The 'must have' school bag at the dawn of the jet age © Qantas

7 Comments

  1. Josh
    Posted July 29, 2009 at 5:34 pm | Permalink

    “There were only 60 seats in tourist class, and 24 in a first class that while not as spacious as business class today, came with a quality of catering and personal attention not found on any of the airliners of the present.”

    Yeah but how much was a return airfare in today’s dollars.

  2. Ben Sandilands
    Posted July 29, 2009 at 5:58 pm | Permalink

    The fares were so expensive that for some years afterwards it was less costly for young Australians to sail for weeks on ocean liners and be fed three times a day than pay for an air fare. Hence my reference to the habit, before jets became more routinely affordable, to holidays that were not measured in weeks but years.

    By about 1964 the time/money equation tipped strongly to jets, and the costs of ocean travel went north while those of airliners went south. Australians also became more prosperous. Car ownership that had been rare became common, the consumer economy began to resemble that of the US of the 50s, and lots of changes, seen more sharply in hindsight, began to work through ‘our’ world.

    The bands stopped playing, the streamers were no longer held dockside, the great passenger liners vanished, the skyscrapers rose, and different work and play cultures took root.

    The past was not paradise, nor convincingly of more merit that current times, but it was certainly remarkably different, and I do not glimpse a 707 or similar without connecting with it.

  3. spacedog
    Posted July 29, 2009 at 10:53 pm | Permalink

    Thanks for this story Ben. A big month for aerospace anniversaries with the moon landings etc. Next month is an anniversary for communication satellites. Also 50 years since the first 707 crash with fatalities.

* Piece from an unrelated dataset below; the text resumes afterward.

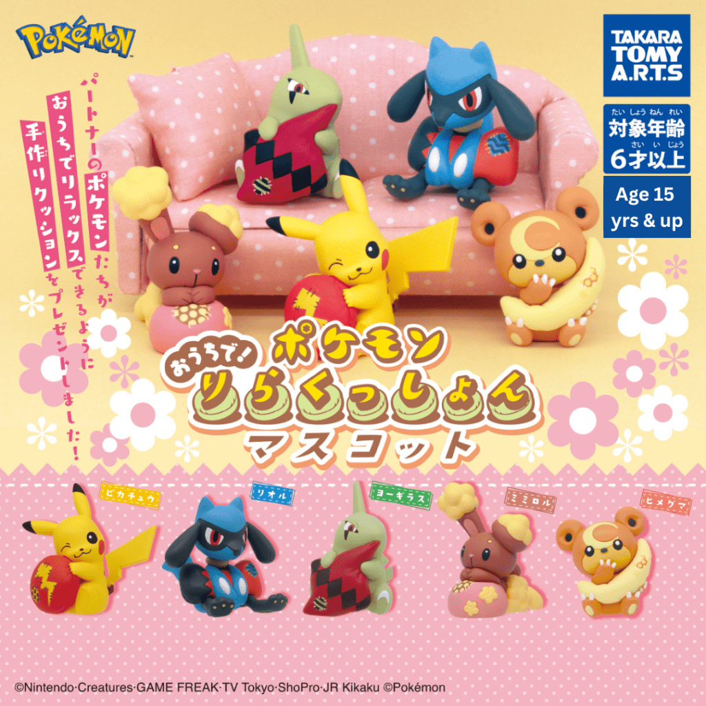Enjoy the cozy charm of Pokémon with the Pokémon Peaceful Place: Sweets Mascot Part 1 Gashapon series by Takara Tomy A.R.T.S! This adorable set features four dessert-themed soft PVC keychain mascots inspired by beloved Pokémon: Pikachu (Pikachu Lollipop), Rowlet (Rowlet Pancake), Scorbunny (Ice Cream Float), and Espurr (Grape Jelly Mold). Each comes with a paper tag illustration and ball chain, perfect for decorating bags, keyrings, or displaying as part of a pastel-themed collection. A must-have for fans of kawaii Pokémon merch and capsule toys!

    Two things I notice in respect to the 707 footage: the tourist-class seats appear to have more width and pitch than economy-class seats in our current wide-bodied jets, and everybody is so well dressed. Most men appear to be wearing jackets and ties. How costs and times have changed.

  4. bobm
    Posted July 30, 2009 at 11:06 am | Permalink

    “Qantas flight EM774, a Qantas 707-138 took off at 3.35 pm on 29 July 1959 for San Francisco via Nadi and Honolulu, and made the trip in only 14 hours 57 minutes.”

    Wow … 2 fuelling (I presume) stops enroute and the trip still only took an hour or so more than today’s non-stop flights take!! 50 years of technology and what have we got … planes that fly further and with lots more passengers, but can’t get where they’re going any quicker!

  5. Ben Sandilands
    Posted July 30, 2009 at 11:23 am | Permalink

    I was surprised too. The early 707s were somewhat faster than the later versions and had a greater wing sweep, which was changed in the interests of better fuel economy and more range, but came with reduced cruise speed and also happened at much the same time the early turbo-jets were replaced by higher bypass turbo-fans.

    But it still seems to have been an amazingly quick flight, considering you cleared customs at Honolulu before going on to San Francisco.

  6. Malcolm Street
    Posted July 30, 2009 at 12:34 pm | Permalink

    Apart from speed, the jet revolutionised transcontinental transport in two other ways: safety and reliability. The jet engine was far more reliable than the big piston engines (can’t confirm, but someone told me that the Connies on the Oz-London route used to carry a spare engine in cargo due to the frequency of engine failures) and the jets flew higher, getting them out of a lot of the bad weather.

  7. Tom Marshall
    Posted July 31, 2009 at 4:48 pm | Permalink

    That trip time is probably total flying time, hence the ~1 hour longer then today’s direct flight to take into account the increased time requried for the extra descents and climbs back to cruising altitude. If they were including total end to end time then there must be a couple of more hours at least on the ground. Mind you, US customs was probably a lot nicer and quicker back then then it is today!